▶ [Exercise instructions]: Your answer should be the full data, transcribed exactly, with no pictures in it.

Exercise materials: Begin

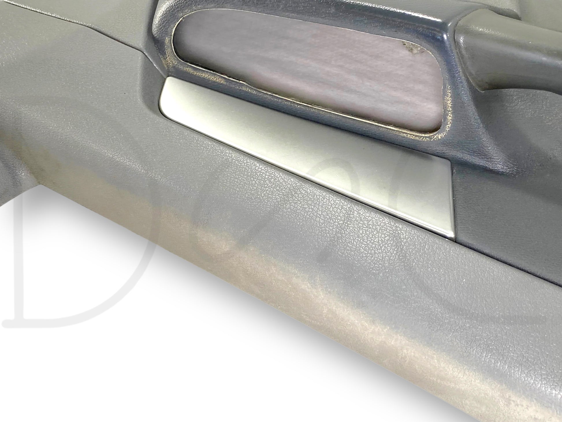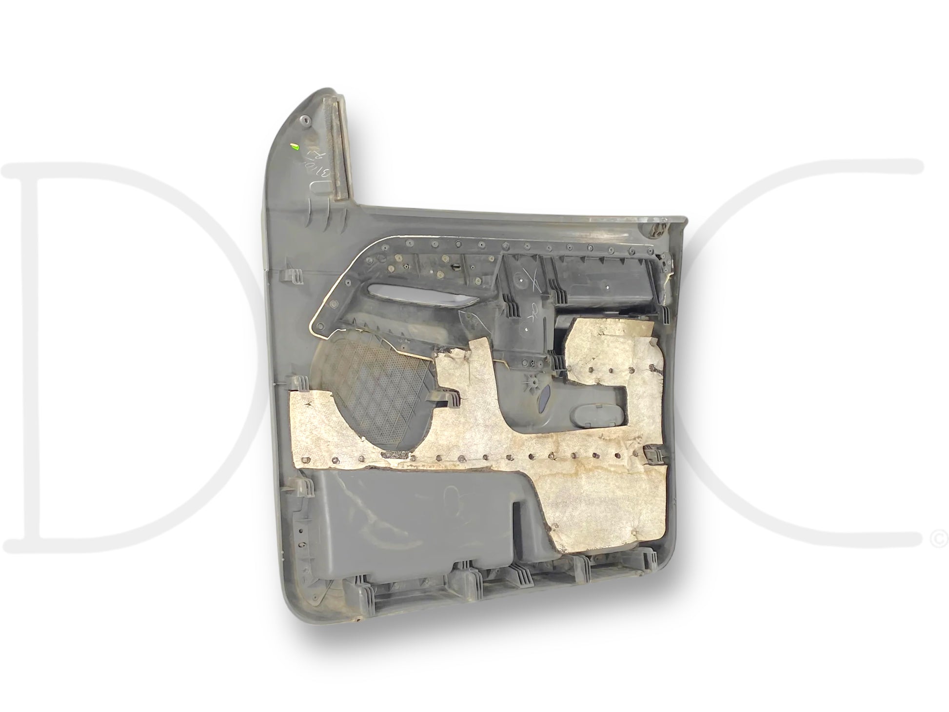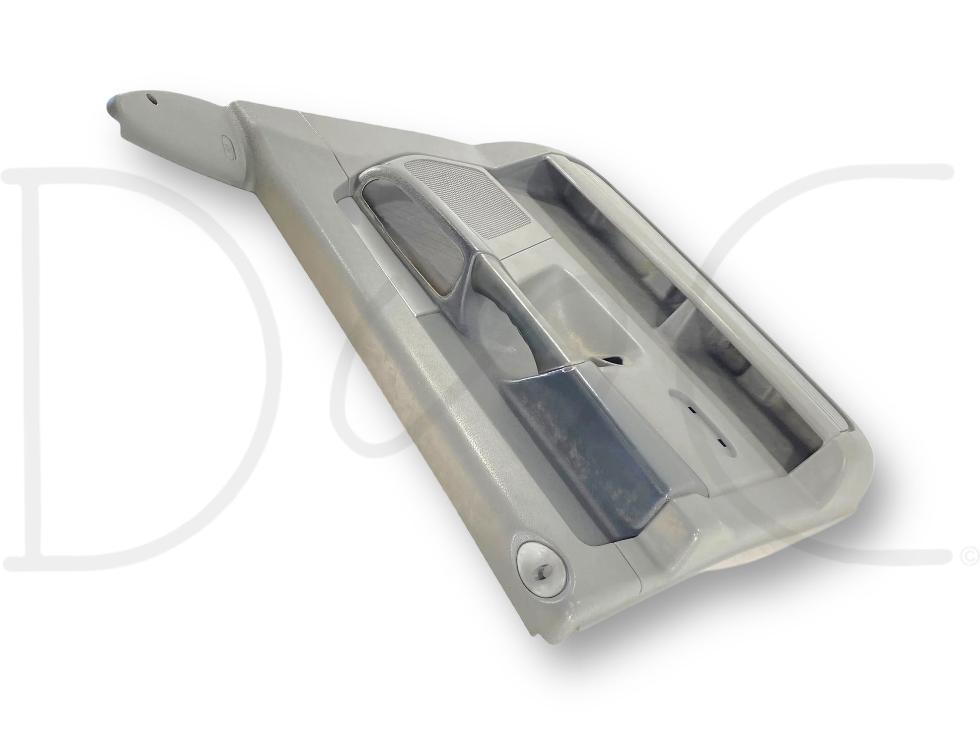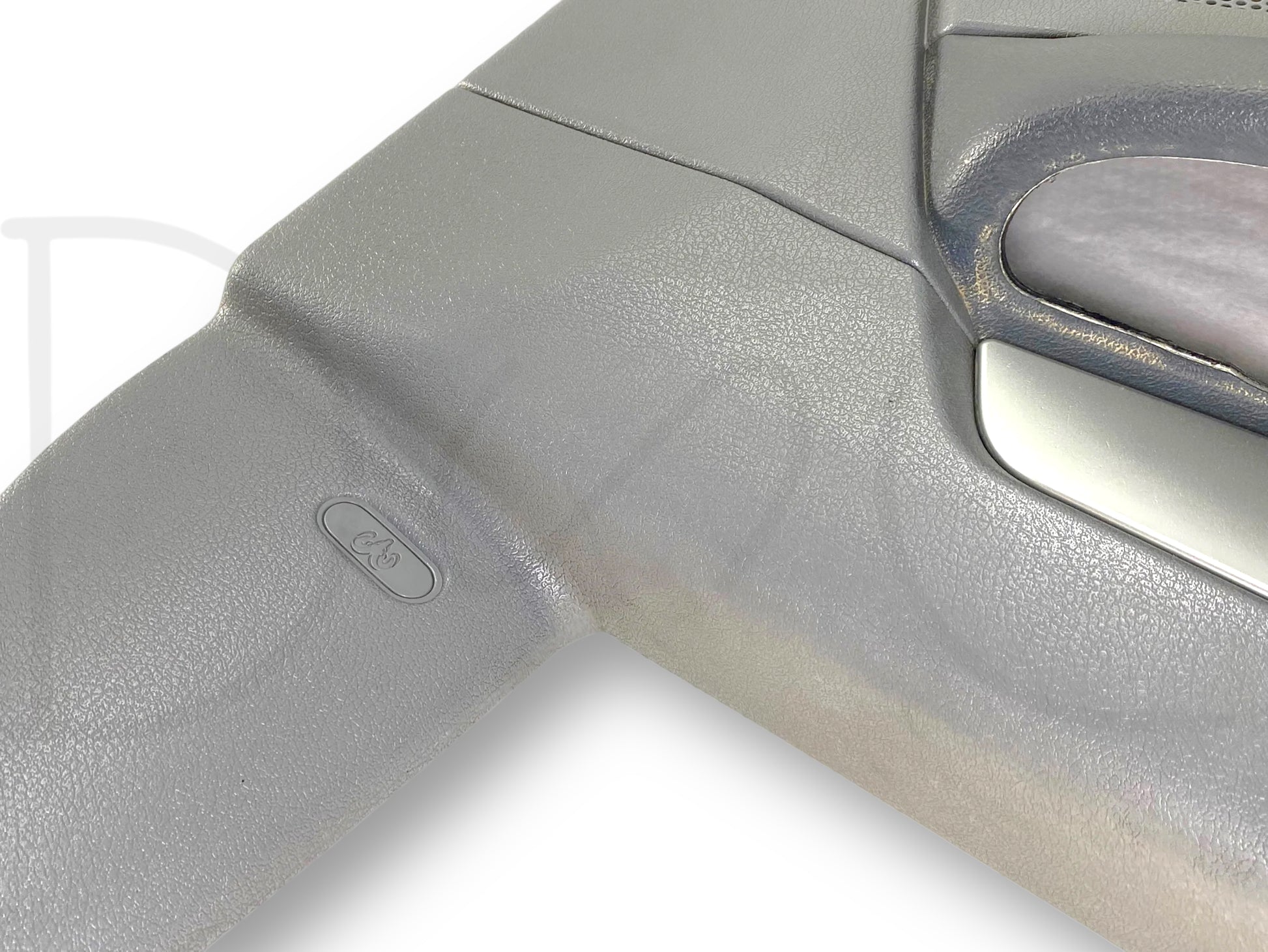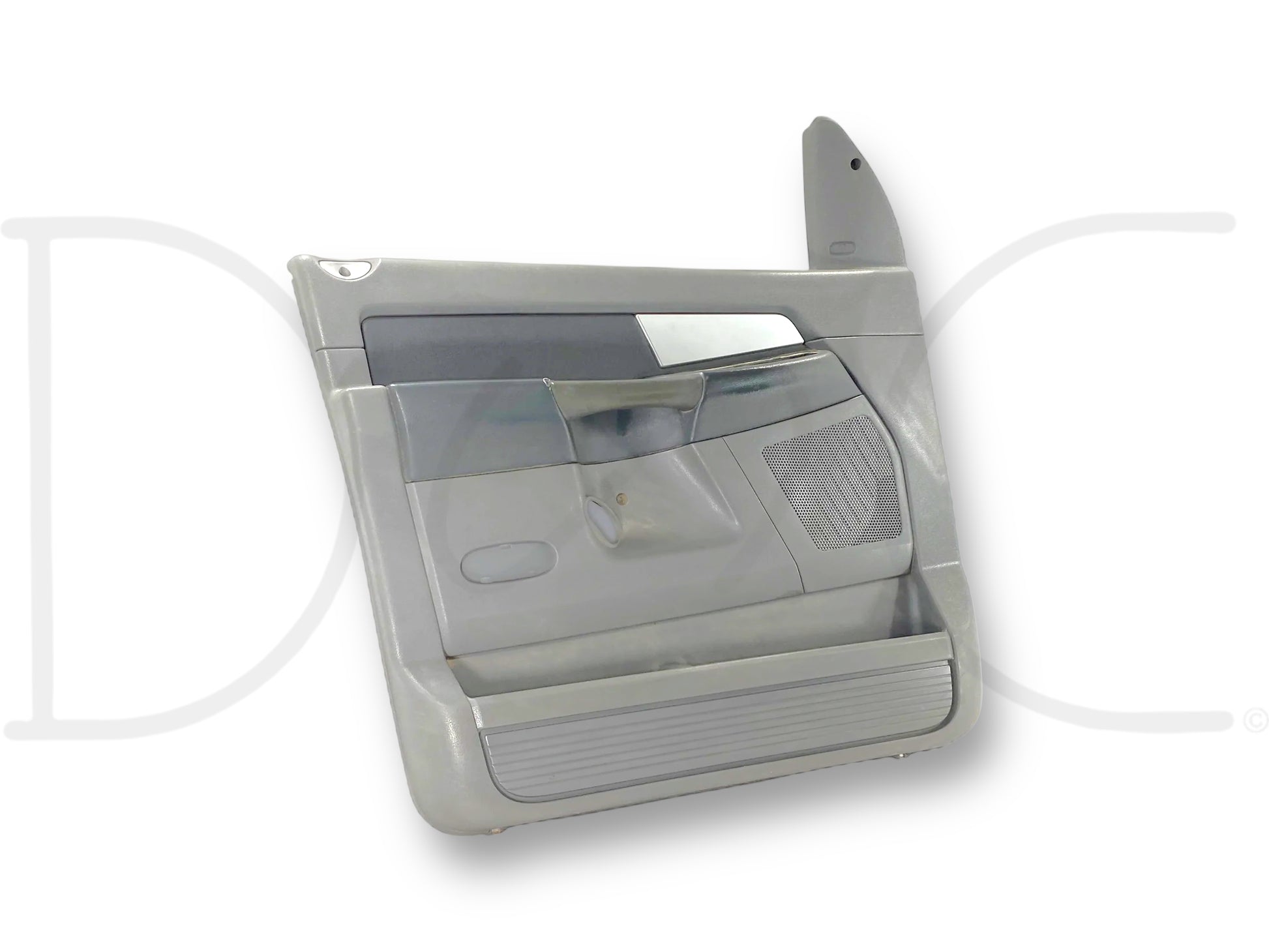 Description: Dodge Ram left hand driver side front interior door panel card, grey, for trucks with power windows & locks, OEM
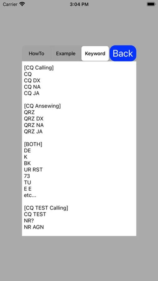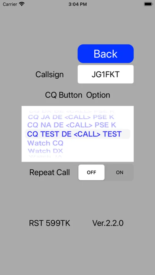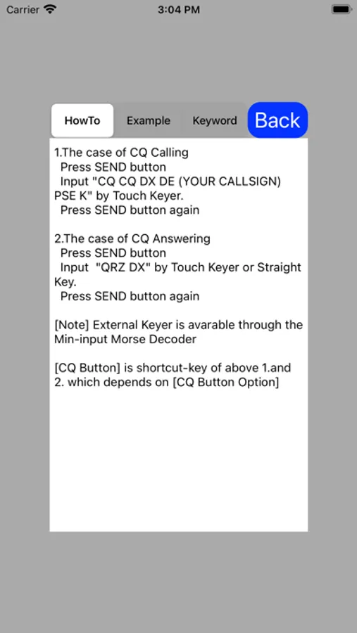 Input "CQ CQ DX DE (YOUR CALLSIGN) PSE K" by Touch Keyer.
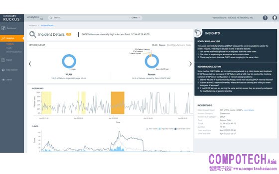 機器學習與人工智慧 - RUCKUS Analytics中的Incident Analytics模組提供IT快速回應問題的工具,以防止異常問題升高到影響服務品質的程度。
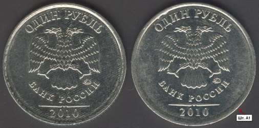 Размер элементов изображения аверса на двух монетах одинаковый--обе А1
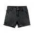 Washed black denim shorts with frayed edges and frayed trim on pockets.
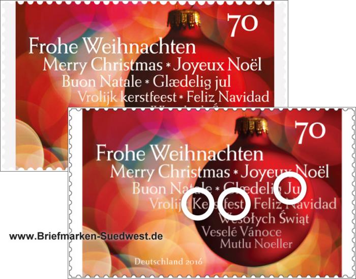 | Das Sammelgebiet Deutschland ist um eine unverausgabte Marke reicher: Die Weihnachtskugel-Marke 2016 mit Rechtschreibfehlern. Am 2. November 2016 sollte die zuschlagsfreie Sondermarke "Weihnachtskugel" erscheinen. Kurzfristig wurde die Marke (nassklebend und selbstklebend im Zehner-Markenset) nicht ausgegeben, wegen drei Rechtschreibfehlern. Jetzt sind die ersten Unverausgabten aufgetaucht! "Frohe Weihnachten" wurde auf dem Motiv in neun weiteren Sprachen wiederholt. Bei der dänischen und der niederländischen Schreibweise gab es Probleme: Glædelig Jul, statt Glædelig jul.
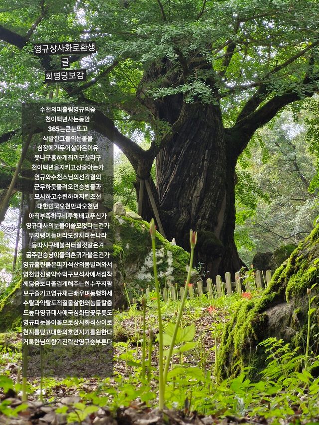 수천의피흘림영규의숲 천이백년사는동안 365는큰눈뜨고 삭발한그들의눈물을 심장에가두어살아온이유 못나구흉하게죄끼구살라구 천년을지키고산줄아는가 영규수천굳세게의선각마루 군무하듯몰려오던승병들과 모사하고결의하여지킨그곳 대한민국오천만과오천년 아직부족하구배고푸신가 영규대사의눈물이작아보인걸까 무지랭이들이라도잘차려논걸 등따시구배불러터질것같구먼 굶주린승냥이들의혼귀가붙은건가 영규흘린붉은피가석산의몸빌려와서 영천암신령약수먹구보석사에서환장 깨닳음보다즐겁게해주는게채근 보구즐기고영규라도배우고가시게들 수탈과약탈도적질까지왜놈들의칼 드높다영규대사따르세영규그숲으로 영규피눈물이꽃으로상사화석산이로 천지를덮고대한의호연지기를담는다
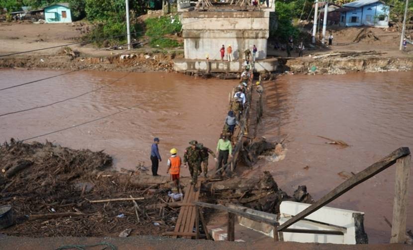 ပျက်စီးသွားခဲ့သည့် တံတားအပေါ်တွင် ပေ ၁၅၀ အရှည်ရှိ နှစ်လွှာတစ်ထပ်ဘေလီတံတားအား ဒေသခံပြည်သူများ အဆင်ပြေလွယ်ကူစွာ သွားလာနိုင်ရေးအတွက် တံတားဦးစီးဌာန၊ တံတားအထူးအဖွဲ့ ၁၂ က တာဝန်ယူဆောင်ရွက်ပေးလျက်ရှိပြီး အောက်တိုဘာလ ဒုတိယပတ်ကုန်အပြီးတွင် အမြန်ဆုံးပြီးစီးနိုင်ရေး နေ့/ည မပြတ် ဆောင်ရွက်လျက်ရှိသည်။
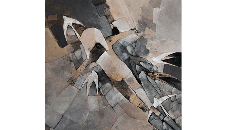 لوحات المعرض جزء من مشروع بدأته الفنانة السورية ريم يسوف تأثرا بالتحولات الحاصلة، الهجرة والموت بسبب الحرب الدموية الدائرة في سوريا
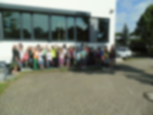 Die Gruppe der Ferienpassteilnehmer versammelt sich im Schulhof der Wilhelm-Lorenz-Realschule.
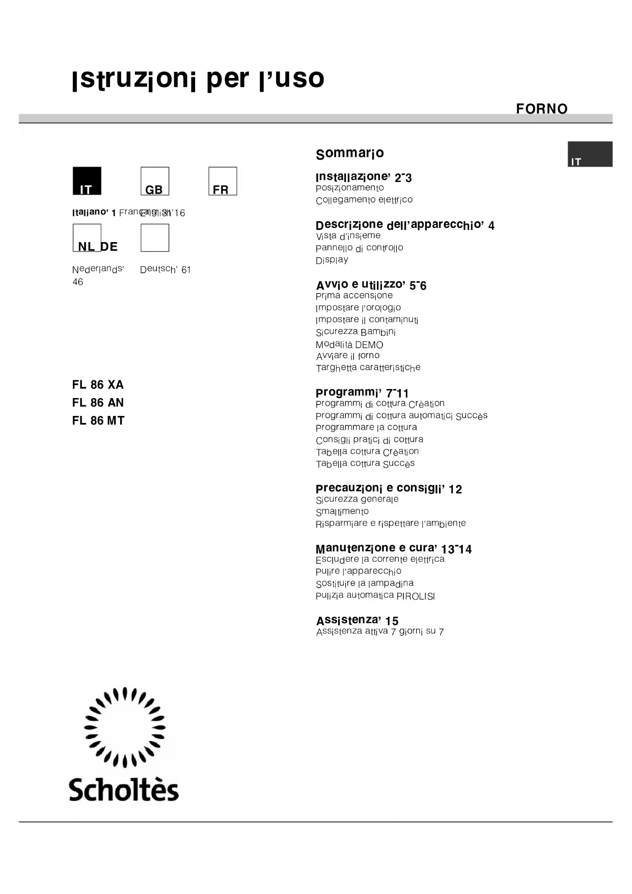 FL 86 XA MT - Forno SCHOLTES - Manuale utente e istruzioni gratuiti

Exercise materials: End

▶ [Response area]:
 Description: Dodge Ram left hand driver side front interior door panel card, grey, for trucks with power windows & locks, OEM
 Input "CQ CQ DX DE (YOUR CALLSIGN) PSE K" by Touch Keyer.
 機器學習與人工智慧 - RUCKUS Analytics中的Incident Analytics模組提供IT快速回應問題的工具,以防止異常問題升高到影響服務品質的程度。
 Размер элементов изображения аверса на двух монетах одинаковый--обе А1
 Washed black denim shorts with frayed edges and frayed trim on pockets.
 | Das Sammelgebiet Deutschland ist um eine unverausgabte Marke reicher: Die Weihnachtskugel-Marke 2016 mit Rechtschreibfehlern. Am 2. November 2016 sollte die zuschlagsfreie Sondermarke "Weihnachtskugel" erscheinen. Kurzfristig wurde die Marke (nassklebend und selbstklebend im Zehner-Markenset) nicht ausgegeben, wegen drei Rechtschreibfehlern. Jetzt sind die ersten Unverausgabten aufgetaucht! "Frohe Weihnachten" wurde auf dem Motiv in neun weiteren Sprachen wiederholt. Bei der dänischen und der niederländischen Schreibweise gab es Probleme: Glædelig Jul, statt Glædelig jul.
 수천의피흘림영규의숲 천이백년사는동안 365는큰눈뜨고 삭발한그들의눈물을 심장에가두어살아온이유 못나구흉하게죄끼구살라구 천년을지키고산줄아는가 영규수천굳세게의선각마루 군무하듯몰려오던승병들과 모사하고결의하여지킨그곳 대한민국오천만과오천년 아직부족하구배고푸신가 영규대사의눈물이작아보인걸까 무지랭이들이라도잘차려논걸 등따시구배불러터질것같구먼 굶주린승냥이들의혼귀가붙은건가 영규흘린붉은피가석산의몸빌려와서 영천암신령약수먹구보석사에서환장 깨닳음보다즐겁게해주는게채근 보구즐기고영규라도배우고가시게들 수탈과약탈도적질까지왜놈들의칼 드높다영규대사따르세영규그숲으로 영규피눈물이꽃으로상사화석산이로 천지를덮고대한의호연지기를담는다
 ပျက်စီးသွားခဲ့သည့် တံတားအပေါ်တွင် ပေ ၁၅၀ အရှည်ရှိ နှစ်လွှာတစ်ထပ်ဘေလီတံတားအား ဒေသခံပြည်သူများ အဆင်ပြေလွယ်ကူစွာ သွားလာနိုင်ရေးအတွက် တံတားဦးစီးဌာန၊ တံတားအထူးအဖွဲ့ ၁၂ က တာဝန်ယူဆောင်ရွက်ပေးလျက်ရှိပြီး အောက်တိုဘာလ ဒုတိယပတ်ကုန်အပြီးတွင် အမြန်ဆုံးပြီးစီးနိုင်ရေး နေ့/ည မပြတ် ဆောင်ရွက်လျက်ရှိသည်။
 لوحات المعرض جزء من مشروع بدأته الفنانة السورية ريم يسوف تأثرا بالتحولات الحاصلة، الهجرة والموت بسبب الحرب الدموية الدائرة في سوريا
 Die Gruppe der Ferienpassteilnehmer versammelt sich im Schulhof der Wilhelm-Lorenz-Realschule.
 FL 86 XA MT - Forno SCHOLTES - Manuale utente e istruzioni gratuiti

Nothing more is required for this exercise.